_WHAT TO WORK ON:_ Repeat verbatim each line from the line with "Автоклав реальные 925" to the end of the entries. Pictures do not belong in the copy.

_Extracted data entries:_

• • • •

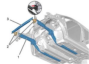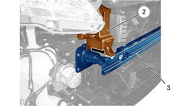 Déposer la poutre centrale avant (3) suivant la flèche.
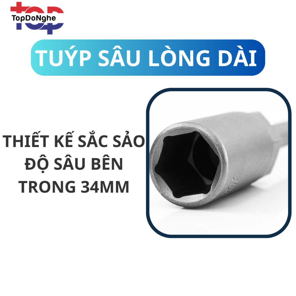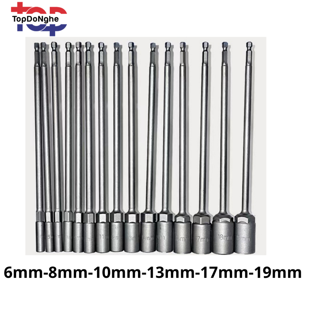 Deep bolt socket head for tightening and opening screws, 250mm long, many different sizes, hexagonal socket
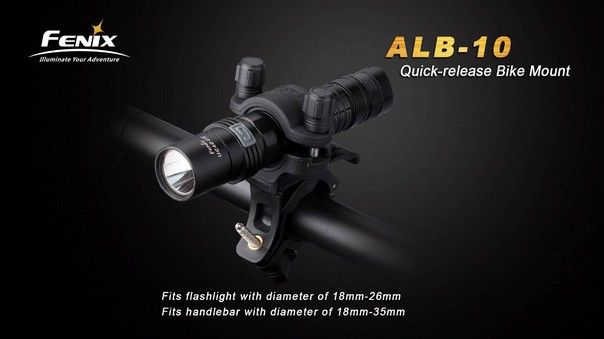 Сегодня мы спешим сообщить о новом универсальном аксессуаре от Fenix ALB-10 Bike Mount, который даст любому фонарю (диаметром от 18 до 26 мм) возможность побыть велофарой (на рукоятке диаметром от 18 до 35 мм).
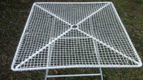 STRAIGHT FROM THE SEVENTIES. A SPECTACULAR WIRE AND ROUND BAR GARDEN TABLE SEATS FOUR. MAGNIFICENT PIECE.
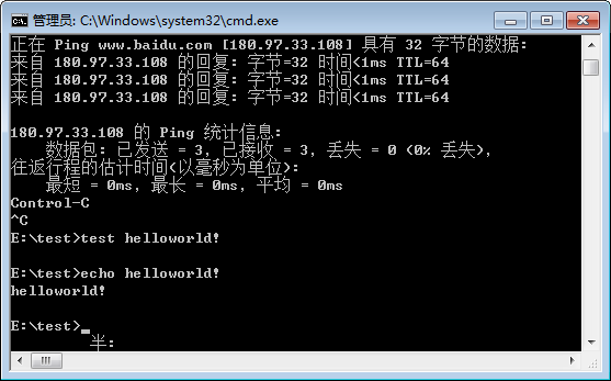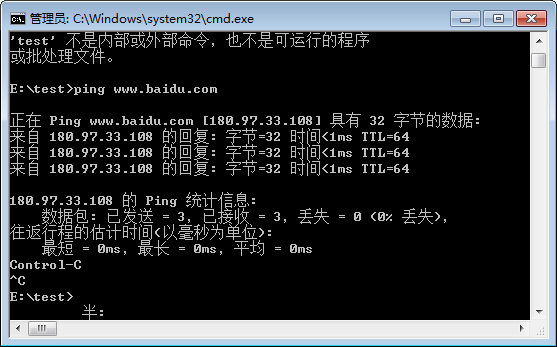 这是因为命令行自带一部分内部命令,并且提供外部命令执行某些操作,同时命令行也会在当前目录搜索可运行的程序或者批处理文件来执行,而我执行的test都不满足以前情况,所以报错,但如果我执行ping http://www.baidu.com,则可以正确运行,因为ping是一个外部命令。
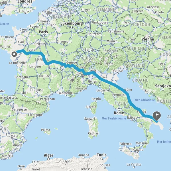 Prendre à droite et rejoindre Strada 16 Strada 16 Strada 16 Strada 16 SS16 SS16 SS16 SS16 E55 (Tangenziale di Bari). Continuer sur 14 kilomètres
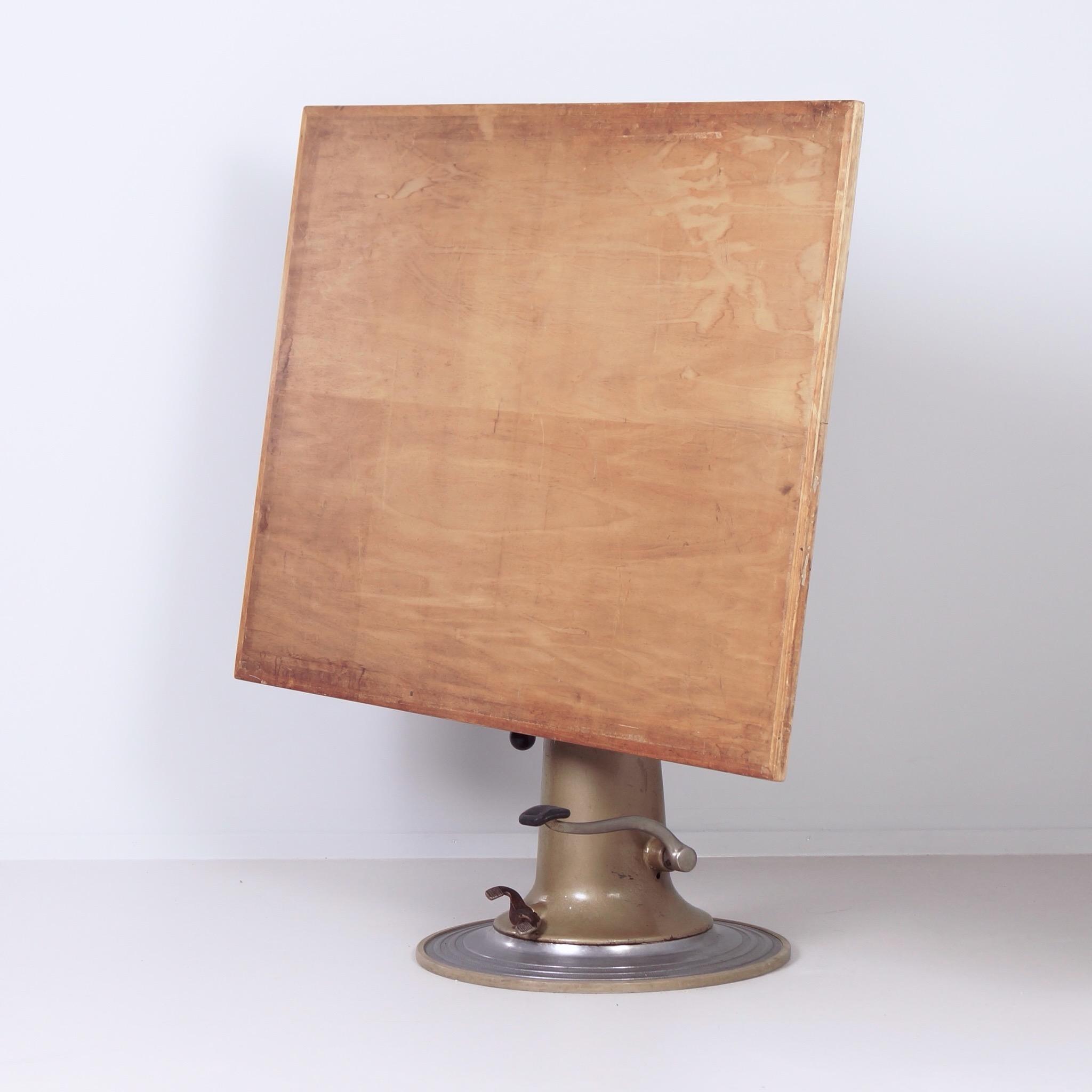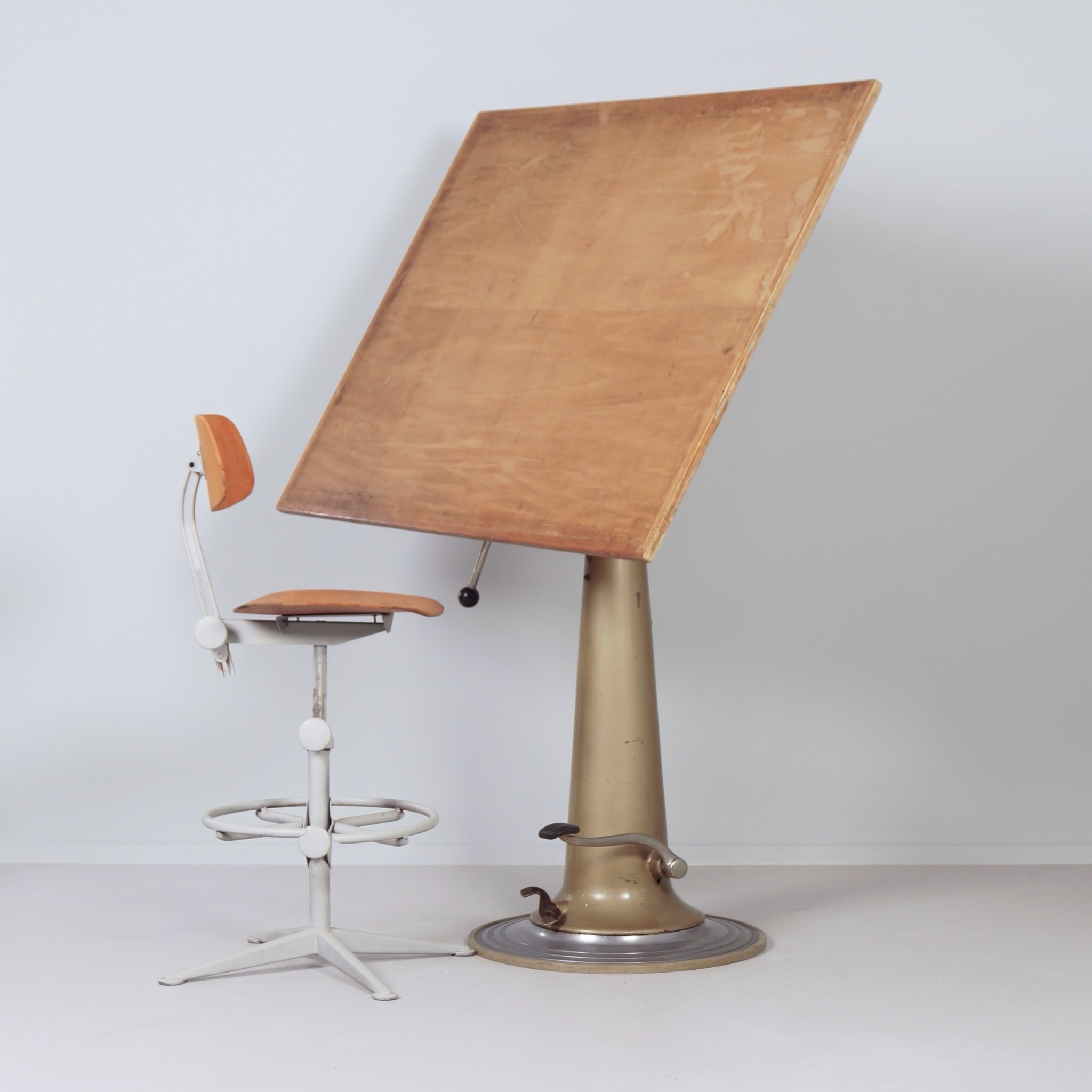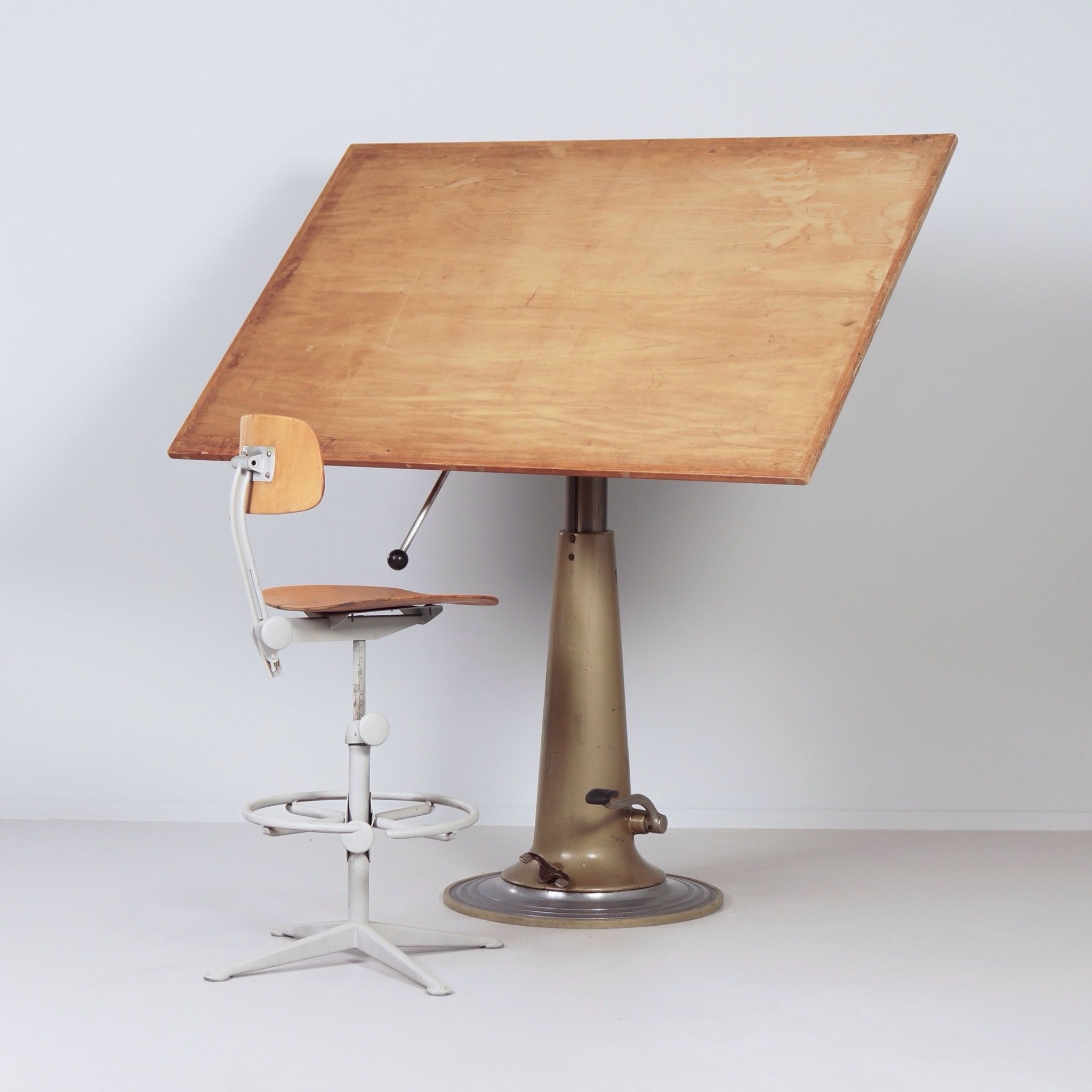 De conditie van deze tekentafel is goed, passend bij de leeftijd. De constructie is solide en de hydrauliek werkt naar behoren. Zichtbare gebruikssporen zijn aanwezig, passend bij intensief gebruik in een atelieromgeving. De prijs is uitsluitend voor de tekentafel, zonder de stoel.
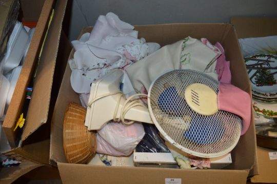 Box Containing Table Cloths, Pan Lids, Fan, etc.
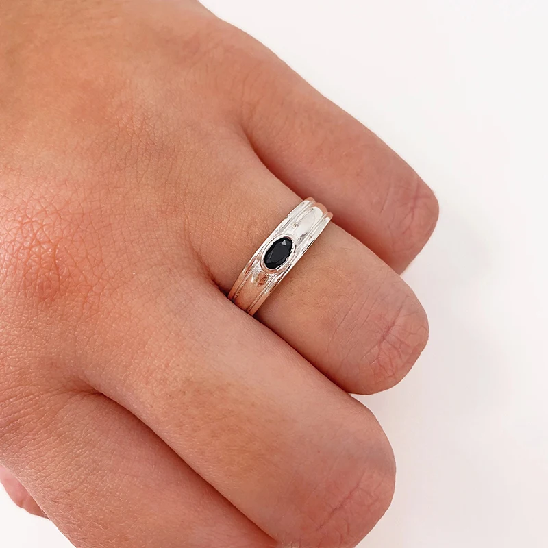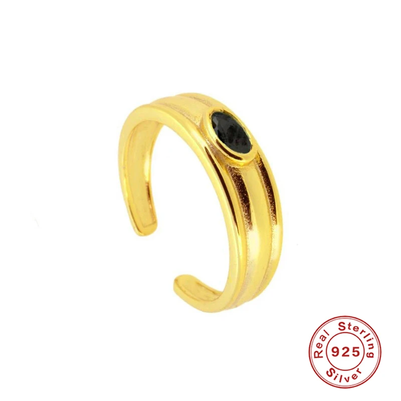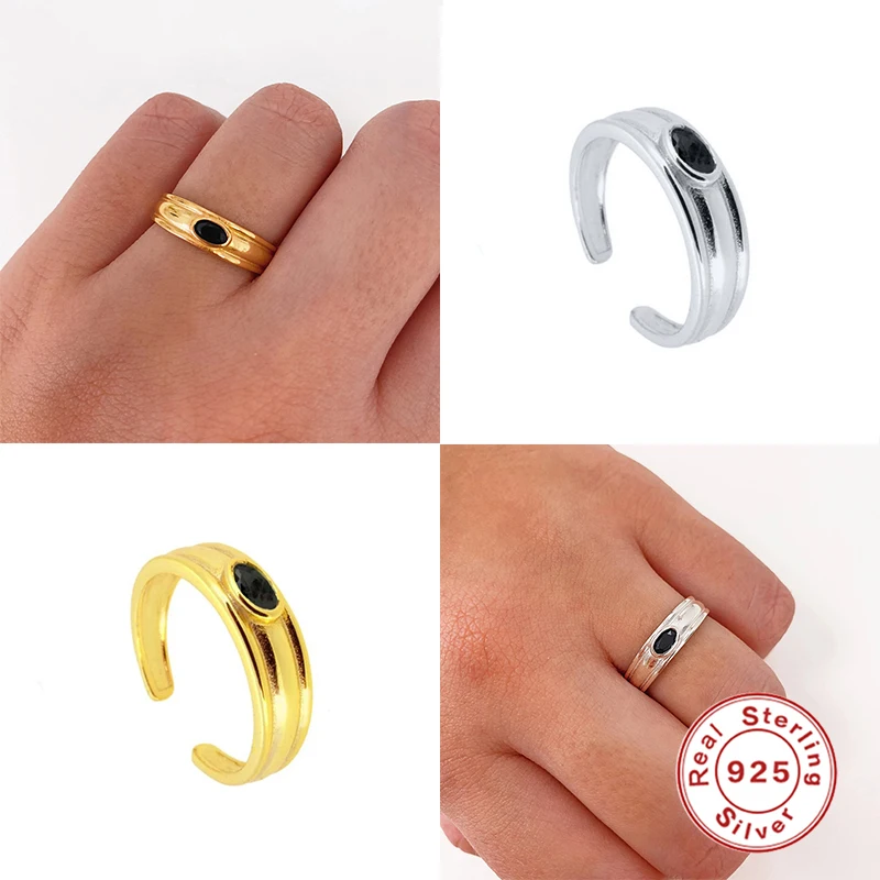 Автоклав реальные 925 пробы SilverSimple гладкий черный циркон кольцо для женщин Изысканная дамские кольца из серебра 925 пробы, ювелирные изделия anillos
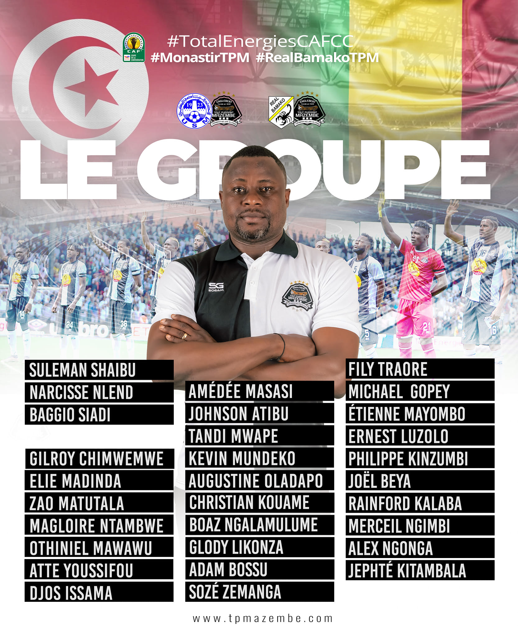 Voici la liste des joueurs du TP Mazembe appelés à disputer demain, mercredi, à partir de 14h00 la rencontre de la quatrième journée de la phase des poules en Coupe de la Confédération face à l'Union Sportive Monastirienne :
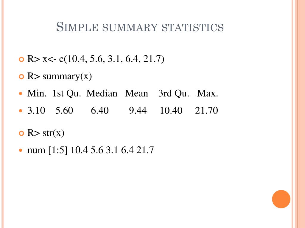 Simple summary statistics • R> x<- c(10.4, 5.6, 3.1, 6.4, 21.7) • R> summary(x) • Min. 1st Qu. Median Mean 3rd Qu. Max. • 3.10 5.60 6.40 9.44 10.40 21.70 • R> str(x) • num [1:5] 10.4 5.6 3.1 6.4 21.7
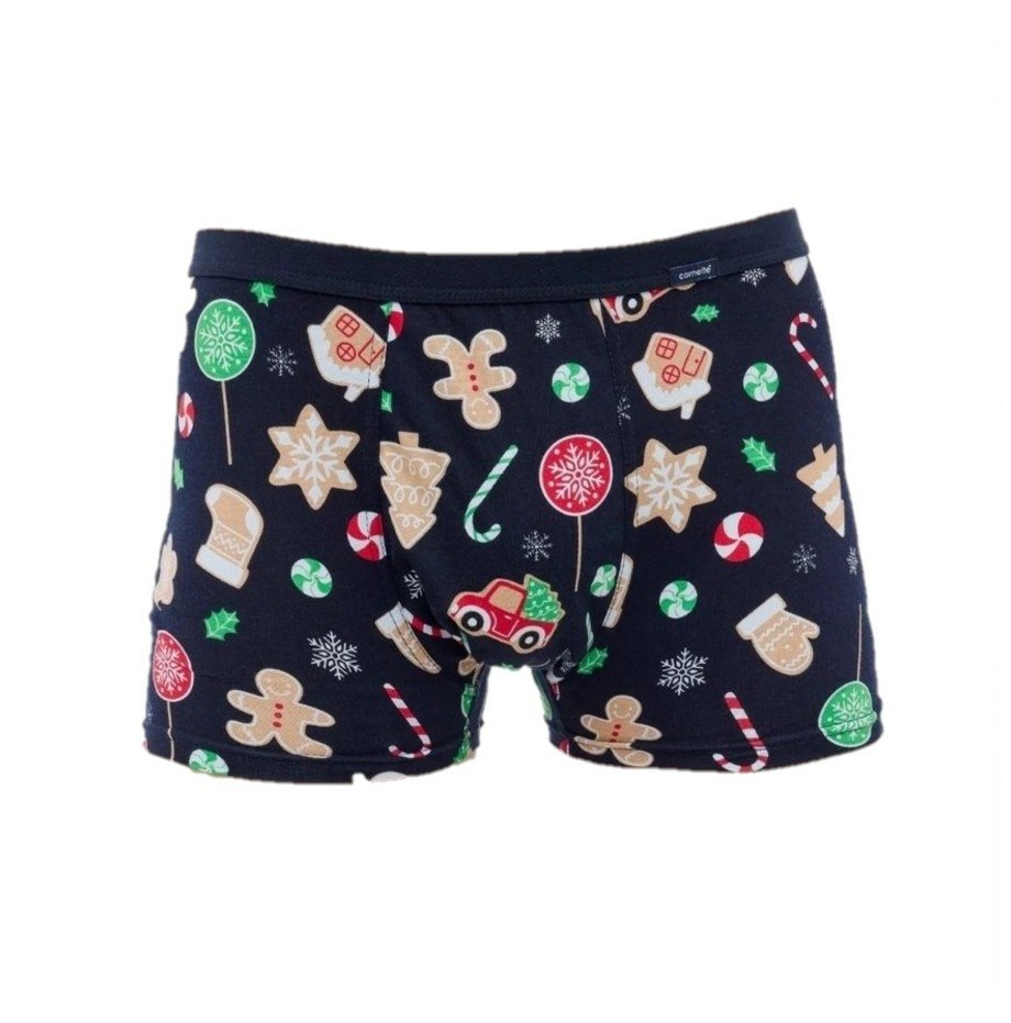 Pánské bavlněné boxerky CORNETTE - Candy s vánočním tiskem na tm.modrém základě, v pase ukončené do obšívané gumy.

• • • •

_OUTPUT OF THE TASK:_
 Автоклав реальные 925 пробы SilverSimple гладкий черный циркон кольцо для женщин Изысканная дамские кольца из серебра 925 пробы, ювелирные изделия anillos
 Voici la liste des joueurs du TP Mazembe appelés à disputer demain, mercredi, à partir de 14h00 la rencontre de la quatrième journée de la phase des poules en Coupe de la Confédération face à l'Union Sportive Monastirienne :
 Simple summary statistics • R> x<- c(10.4, 5.6, 3.1, 6.4, 21.7) • R> summary(x) • Min. 1st Qu. Median Mean 3rd Qu. Max. • 3.10 5.60 6.40 9.44 10.40 21.70 • R> str(x) • num [1:5] 10.4 5.6 3.1 6.4 21.7
 Pánské bavlněné boxerky CORNETTE - Candy s vánočním tiskem na tm.modrém základě, v pase ukončené do obšívané gumy.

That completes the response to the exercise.